Lines: ~2032 | Type: Runs at import (no __main__ guard)

The monolithic entry point. Loads the OiQ/daa-pairs dataset, trains 24 tokenizers (4 algorithms x 2 architectures x 3 vocab sizes: 8K, 16K, 32K), evaluates them on the full training+test corpus, computes morphological metrics via Farasa, generates bootstrap confidence intervals, and produces all plots and reports.

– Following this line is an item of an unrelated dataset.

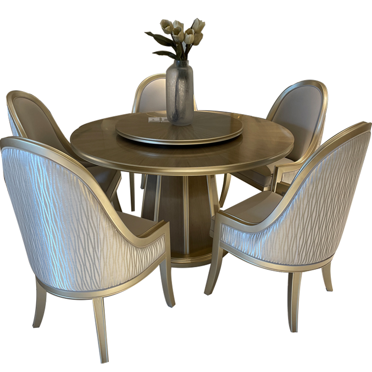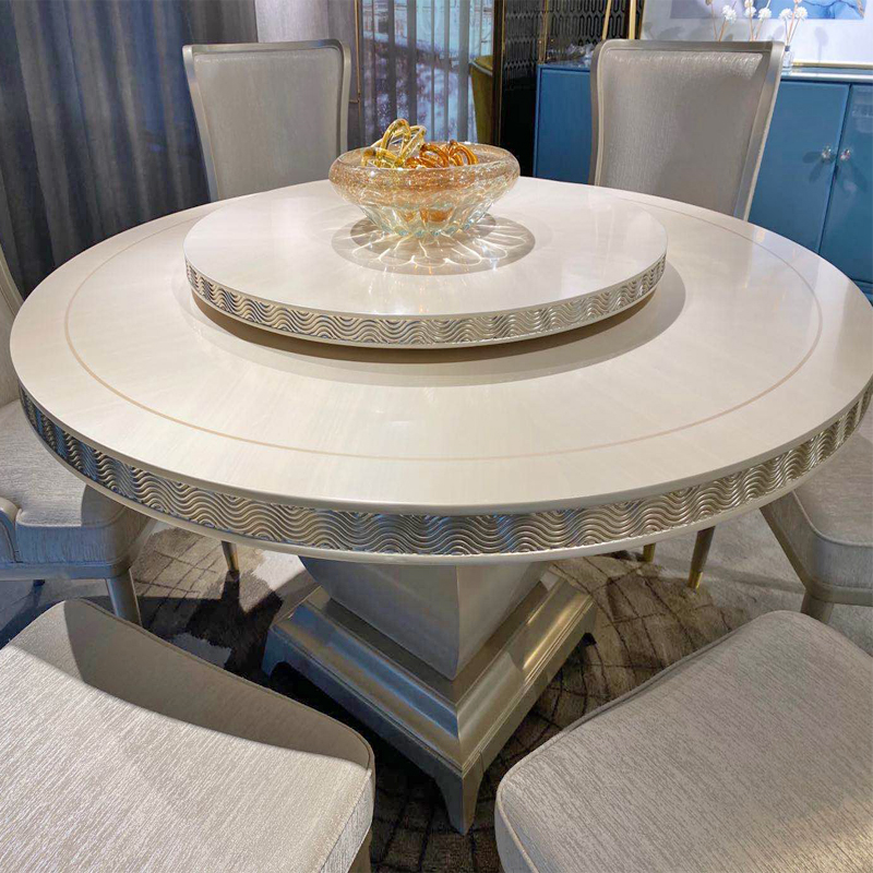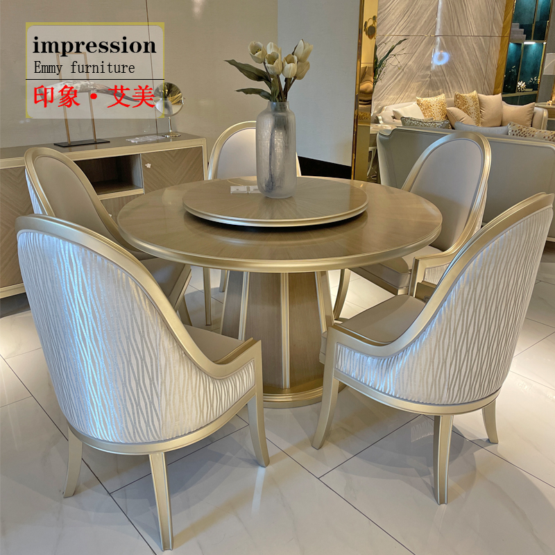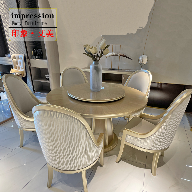 American light lavish solid wood dining table and chairs combined rear modern minimalist one table six chair round with turntable villa custom furniture-Taobao

Key class: ProductionMetricsEvaluator β€” implements script detection, tokenization, Gini coefficient, and all metric computations.

Inputs:

  • OiQ/daa-pairs dataset (via huggingface_hub)
  • BenchmarkConfig dataclass (vocab sizes, algorithms, hyperparameters)

Outputs:

  • results/tokenizers/*.json β€” 48 raw tokenizer files (24 shared + 24 concat halves)
  • results/transformers_tokenizers/ β€” transformers-compatible exports
  • results/tokenizer_results.csv / .json β€” full metrics with morphological data
  • results/bootstrap_ci.csv β€” bootstrap CIs
  • results/benchmark_report.md β€” auto-generated summary
  • results/morphology/farasa_segmentations.json β€” cached Farasa segmentations (~99 MB)
  • results/plots/*.png β€” all visualization figures

train_large_vocab.py β€” Train 80K/110K Tokenizers

Lines: ~146

Trains additional tokenizers at 80K and 110K vocabulary sizes to match DarijaBERT-ar (80K) and DarijaBERT-az (110K) for fair head-to-head comparison.

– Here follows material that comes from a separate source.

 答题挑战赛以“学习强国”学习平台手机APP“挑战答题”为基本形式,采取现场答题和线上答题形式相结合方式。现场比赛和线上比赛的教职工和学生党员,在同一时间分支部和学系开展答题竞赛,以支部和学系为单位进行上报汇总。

Inputs: results/corpora/train_{ar,az}.txt

Outputs: results/tokenizers/{shared,concat_ar,concat_az}_{algo}_{80000,110000}.json


train_remaining.py β€” Train Remaining Tokenizers

Lines: ~134

Fills in the last missing tokenizer configurations (3 shared 110K + 6 concat 110K + 1 concat 80K BBPE) that train_large_vocab.py did not cover.

Inputs: results/corpora/train_{ar,az}.txt

Outputs: Remaining results/tokenizers/*.json files


retrain_missing_and_compare.py β€” Retrain + Full Re-evaluation

Lines: ~558

Retrains 4 missing concat 32K tokenizers, exports to transformers format, re-evaluates all 28 configs, fixes a WordPiece exact-match bug, and runs the external comparison pipeline.

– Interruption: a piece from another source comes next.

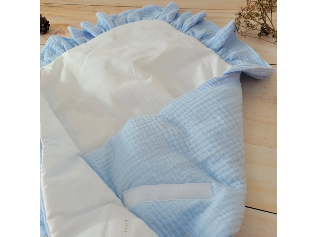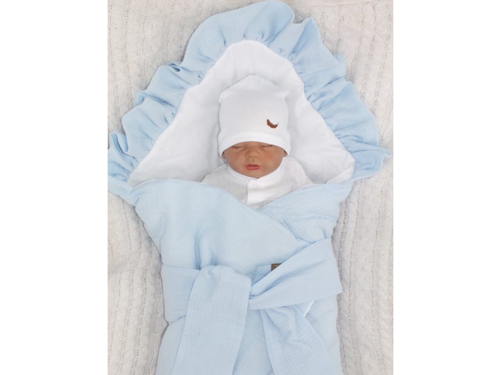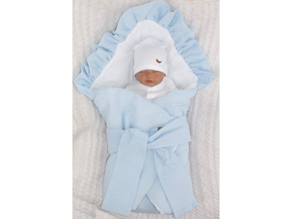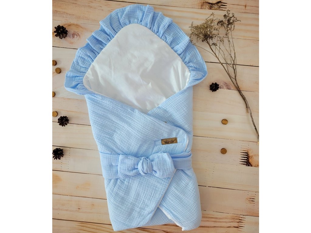 Mušelínová zavinovačka s volánkem a stuhou - Modrá

Inputs: Training corpora, HF external models

Outputs: Updated tokenizer JSONs, external_comparison.csv, external comparison plot


Evaluation Scripts

eval_test_set.py β€” Test-Set Evaluation (Single Source of Truth)

Lines: ~227

Re-evaluates all tokenizers on the held-out test set only (11,282 sentences per script). This is the authoritative evaluation used in all paper tables and percentage claims.

Key function: normalize_decode() β€” fixes Metaspace double-space artifacts in WordPiece decoders.

Inputs:

  • results/tokenizers/*.json
  • results/corpora/test_{ar,az,mi}.txt

Outputs: results/test_set_results.csv / .json (40 rows)


eval_new_and_append.py β€” Append 80K/110K Results

Lines: ~144

Evaluates the newly trained 80K/110K tokenizers and appends their rows to test_set_results.csv.

Inputs: test_set_results.csv, tokenizers, test corpora

Outputs: Updated test_set_results.csv (grows from 24 to 40 rows)


eval_missing.py β€” Fill Single Gap

Lines: ~124

Evaluates the one remaining missing tokenizer (concat_bbpe_55000) and merges it into the results CSV.


eval_morph_large.py β€” Morphological Metrics for 80K/110K

Lines: ~297

Computes morphological fidelity metrics (edit distance and consistency F1) for the 16 large-vocabulary tokenizers (80K, 110K) that were not covered by the original script.py morph evaluation. Uses the same Farasa cache and identical algorithms.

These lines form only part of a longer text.